1) first of all we are planing to live 4 seasons on the boat. Winter and summer no matter the weather
2) we will hopefully cruise the first 1-2 years in mediterrenean but later go far and around the world 
3) so we want a boat that is strong and can sail in bad weather relatively COMFORTABLY---in short safe and secure
4) it should also be a boat that sails.

my problem is that the boats i like(shannon, pacific seacraft, alden) are all USA boats which have no distributor in turkey and is difficult and expensive to bring here and they are not known here so they have weak resale value.
So this leaves me with the relatively good known and good regarded boats such as najad and hallberg rassy from sweden.(they both have distriboturs and after service in turkey and have good resale value)

najad is too expensive for me so hallberg is the only option.

hallberg rassy 372(it is a new model) is the model i am interested in. it has aft cockpit in comparison with the center cockpit 37 model. i dont want the center cockpit, it is too small for us. 

Now, i know that the 37 is very good for offshore but not so sure about the new 372 model.

the new 372 is faster but what about seaworthiness?
did they also sacrifice safety and seaworthiness for the speed. 
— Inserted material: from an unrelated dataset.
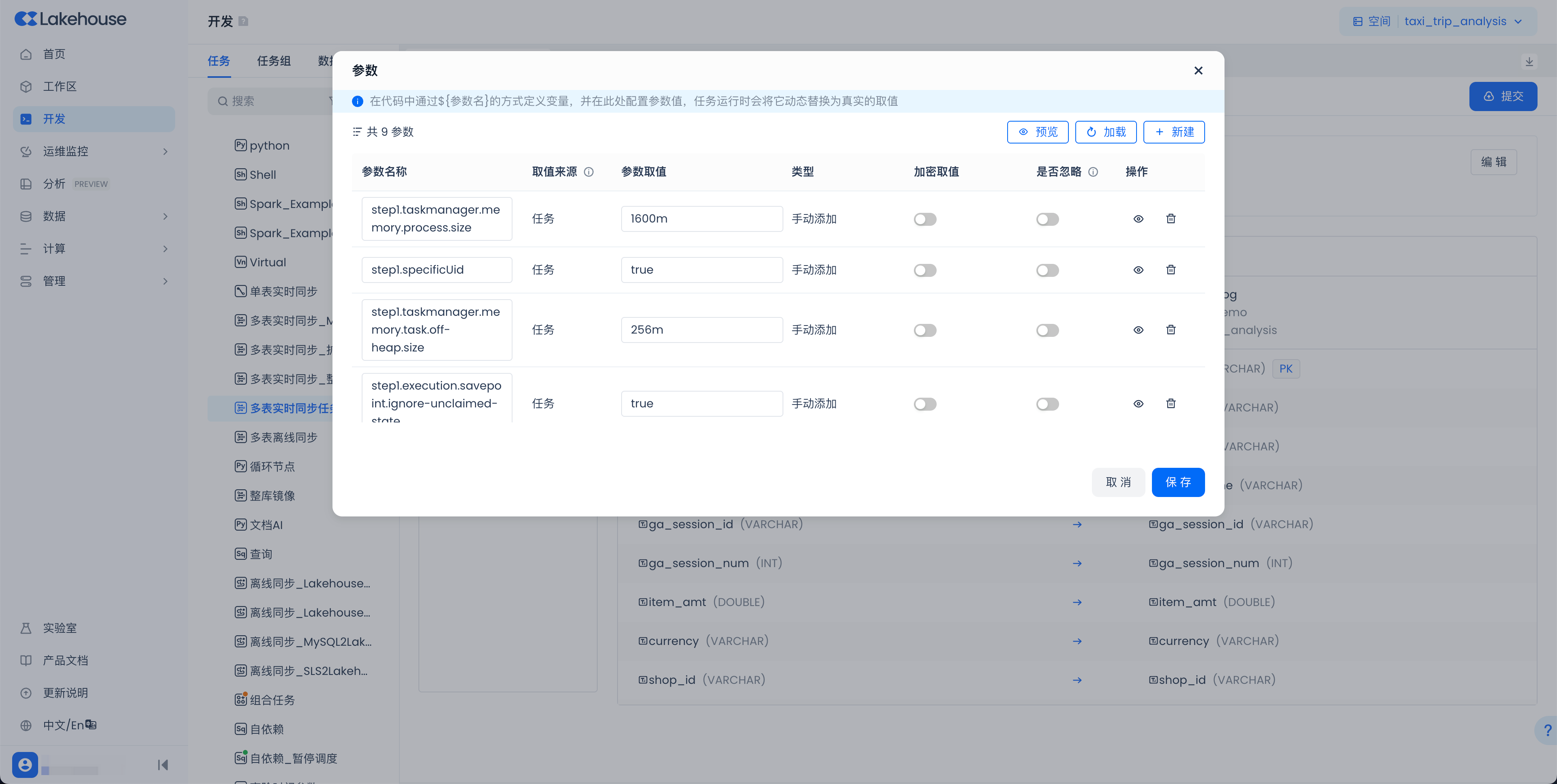 在多表实时同步任务的「参数」区域,可以设定一些高阶参数来控制同步任务的资源消耗等。
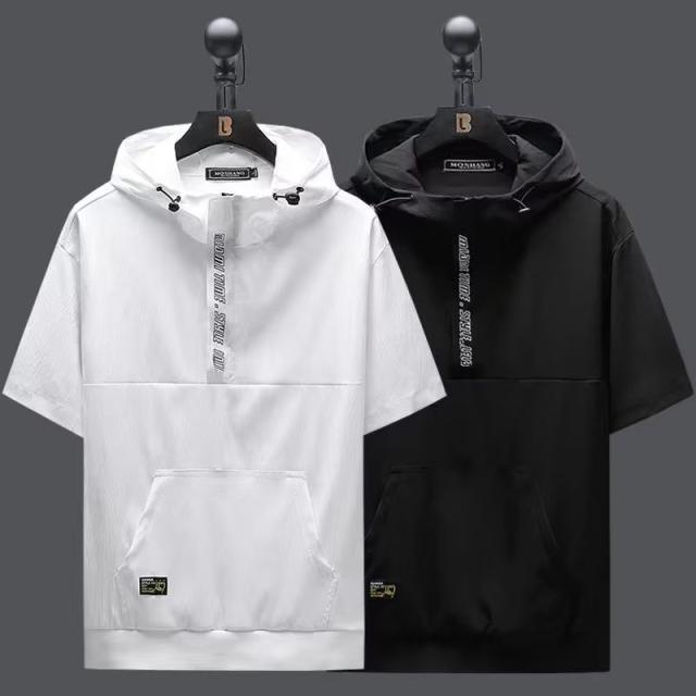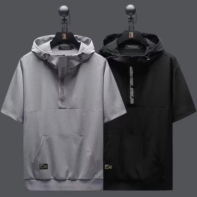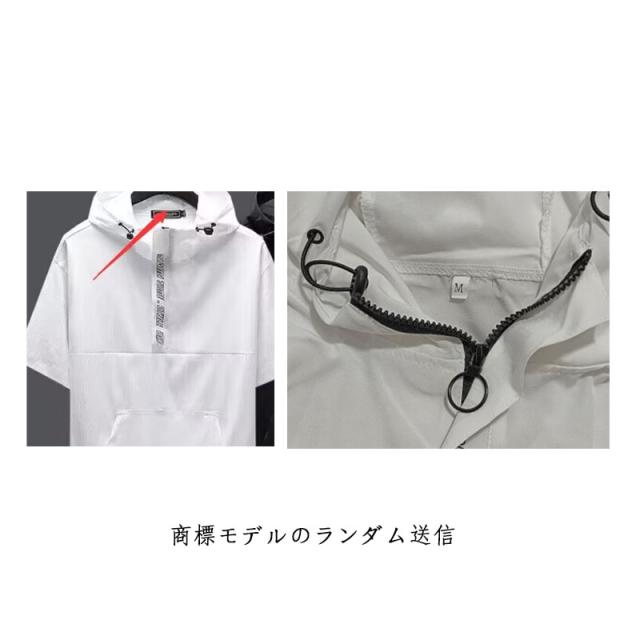 半袖 メンズ パーカー トップス 夏物 フード付き ハーフジップ 薄手 お洒落 カジュアル 夏服 大きいサイズ シンプル ゆったり プルオーバー

this where i want your help. there seems to be many people with good knowledge of yacht design here.

would you please comment on the offshore capabilities of the new hallberg rassy 372? perhaps based on the specifications the producers give on the web?

thanks

Designer Germán Frers
CE category A - Unlimited ocean voyages

Hull length 11.35 m / 37' 3"

Waterline at rest 10.25 m / 33' 8"

Beam 3.60 m / 11' 10"

Draft (Also available as a shallow draft version) 1.99 m / 6' 7"

Displacement 7 500 kg / 16 500 lbs

Lead keel 2 900 kg / 6 400 lbs

Sail area with genoajib 73.2 m² / 788 sq ft

Mast over water, ex Windex 17.80 m / 58’ 5"

Headroom saloon 1.93 m / 6’ 4 ’’

Engine Volvo Penta D2 55 / 130 S

Cylinders 4

kW / HP at crank shaft 41 / 55
Engine displacement 2.19 litres
Alternator 115 A
Stix 39
Diesel tank
270 litres / 72 US gallon
Water tank
425 litres / 114 US gallon
Transport height including windscreen 4.28 m
Transport height without windscreen, pulpits, wheel and pedestal handhold 3.95 m


----------



## patrickrea (Aug 20, 2007)

Hallberg has an excellent reputation so I would think that the 372 would be just fine for what you are intending. Notice right off the start that they describe it as a coastal cruiser with offsore capabilities. 

You would probably want to add some handholds in the forward cabin. I don't see any in pictures.

They say that the hull is flatter compared to the 37 so it may pound a little. 

Tankage looks good but you will probably need to add to the battery bank - think double depending on your needs. In your area sun is not a problem so solar would work well.


----------



## sailingdog (Mar 19, 2006)

I believe that the 372 is designed as a compromise, more a coastal cruiser than the older HR designs. You can see this in how the beam is brought further aft... not tapering the way the older designs did. 

I think the boat would be fine for your purposes. However, it will be a bit more tender than the older HR 37, since the boats are about the same size, but the HR37 has a bit more ballast.


----------



## FrancoC (Feb 17, 2009)

It's a Frers design, so you know it's a good boat.


----------